Statistics

Graphical Representation

The table shown above is one way of representing the frequency distribution of a sample or population. A frequency distribution is any method for summarizing data that shows the number of individuals or individual cases present in each given interval of measurement. In the table above, there are 5,382,025 female African-Americans in the age group 0-19; 2,982,305 in the age group 20-29; 2,587,550 in the age group 30-39; and so on.

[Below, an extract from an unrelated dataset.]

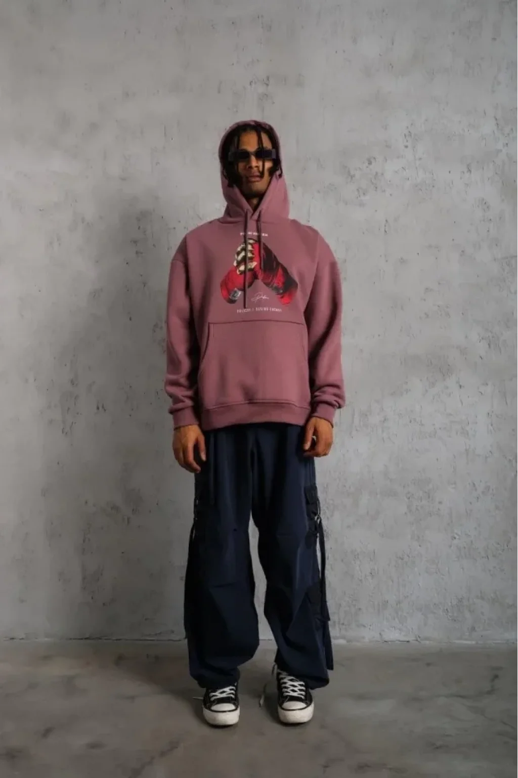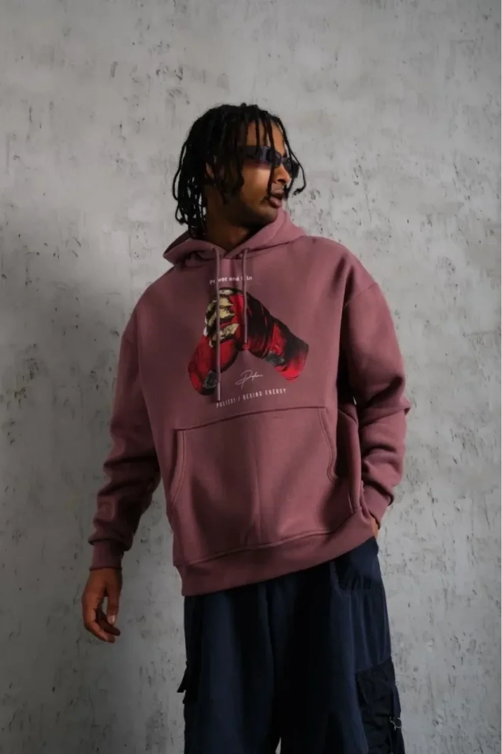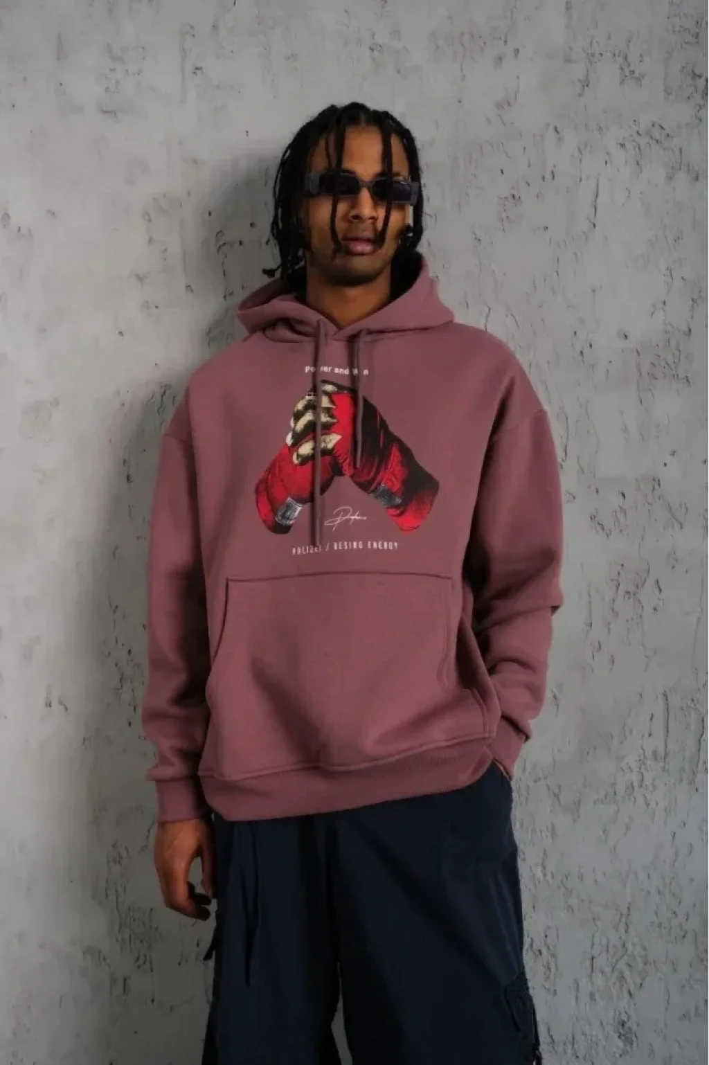 Erkek Eldiven Baskılı Kapüşonlu Sweat - Gül Kurusu

A common method for expressing frequency distributions in an easy-to-read form is a graph. Among the kinds of graphs used for the display of data are histograms, bar graphs, and line graphs. A histogram is a graph that consists of solid bars without any space between them. The width of the bars corresponds to one of the variables being presented, and the height of the bars to a second variable. If we constructed a histogram based on the table shown above, the graph would have six bars, one for each of the six age groups included in the study. The height of the six bars would correspond to the frequency found for each group. The first bar (ages 0-19) would be nearly twice as high as the second (20-29) and third (30-39) bars since there are nearly twice as many individuals in the first group as in the second or third. The fourth, fifth, and six bars would be nearly the same height since there are about the same numbers of individuals in each of these three groups.

Another kind of graph that can be constructed from a histogram is a frequency polygon. A frequency polygon can be made by joining the midpoints of the top lines of each bar in a histogram to each other.